Breast cancer drugs cut premature death risk by 40%
Breast cancer drugs that suppress the body’s production of oestrogen significantly reduce the risk of premature death, a study has shown.
The findings are expected to influence clinical guidelines on prescribing aromatase inhibitors, which were already known to be effective at preventing cancer recurrence.
Postmenopausal women with the most common type of breast cancer are eligible for treatment with the drugs, which stop tumour growth being fuelled by the hormone oestrogen.
Another widely used drug, tamoxifen, does not halt production of oestrogen but blocks the hormone’s ability to bind to molecules on cancer cells.
The new study, which analysed pooled data from nine clinical trials involving 31,920 women, looked at the effect on death rates of taking aromatase inhibitors for five years.
It found that compared with no treatment, the drugs reduced the risk of postmenopausal women with hormone-sensitive (ER-positive) breast cancer dying within 10 years by 40%.

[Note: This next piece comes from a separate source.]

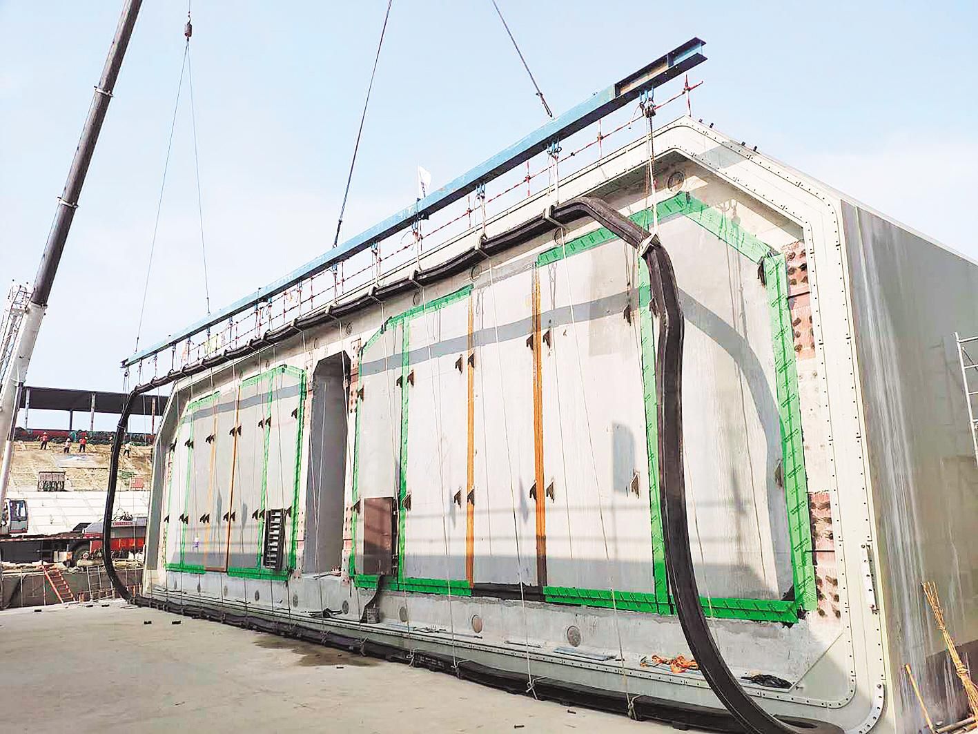 顺着他手指方向,一根黑色橡胶止水带出现眼前,像一根环形面条,吻合在沉管间接口处。孙晓伟介绍,一根止水带长75.52米,重4.2吨,起吊后需保证与沉管截面一致。为此,项目部设计专用吊具,并在止水带上设32个吊点,与沉管咬合时严丝合缝。下月,这艘“航空母舰”将沉入江底。

Aromatase inhibitors saved more lives than tamoxifen, which lowered death rates by 30%.
Lead scientist Professor Mitch Dowsett, from the Institute of Cancer Research, London, said: “Aromatase inhibitors remove only the tiny amount of oestrogen that remains in the circulation of women after the menopause – but that’s enough to have a substantial impact on a wide range of ER-positive tumours, despite their extraordinary differences at the molecular level.

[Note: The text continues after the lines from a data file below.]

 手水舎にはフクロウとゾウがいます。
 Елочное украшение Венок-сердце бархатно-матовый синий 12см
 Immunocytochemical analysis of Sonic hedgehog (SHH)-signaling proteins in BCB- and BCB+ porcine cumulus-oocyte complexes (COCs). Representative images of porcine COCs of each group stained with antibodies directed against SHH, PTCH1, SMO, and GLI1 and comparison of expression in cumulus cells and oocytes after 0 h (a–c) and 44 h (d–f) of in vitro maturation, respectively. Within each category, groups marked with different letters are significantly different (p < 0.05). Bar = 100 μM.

“But aromatase inhibitor treatment is not free of side-effects, and it’s important to ensure that women with significant side-effects are supported to try to continue to take treatment and fully benefit from it.”
The research is reported in the latest issue of The Lancet medical journal.
Professor Paul Workman, chief executive of the Institute of Cancer Research, said: “The evidence on aromatase inhibitors has been accumulating for well over a decade, but it has taken this huge and complex study to make sense of all the data, and provide a firm basis for clinical guidelines.
“It tends to be the discovery of new treatments that grabs the headlines, but it is just as important to maximise the benefit patients get from existing treatments, through major, practice-changing studies like this.”
An earlier study led by Prof Dowsett showed that women with breast cancer whose tumours were highly sensitive to oestrogen might benefit from extended hormonal therapy, which usually stops after five years.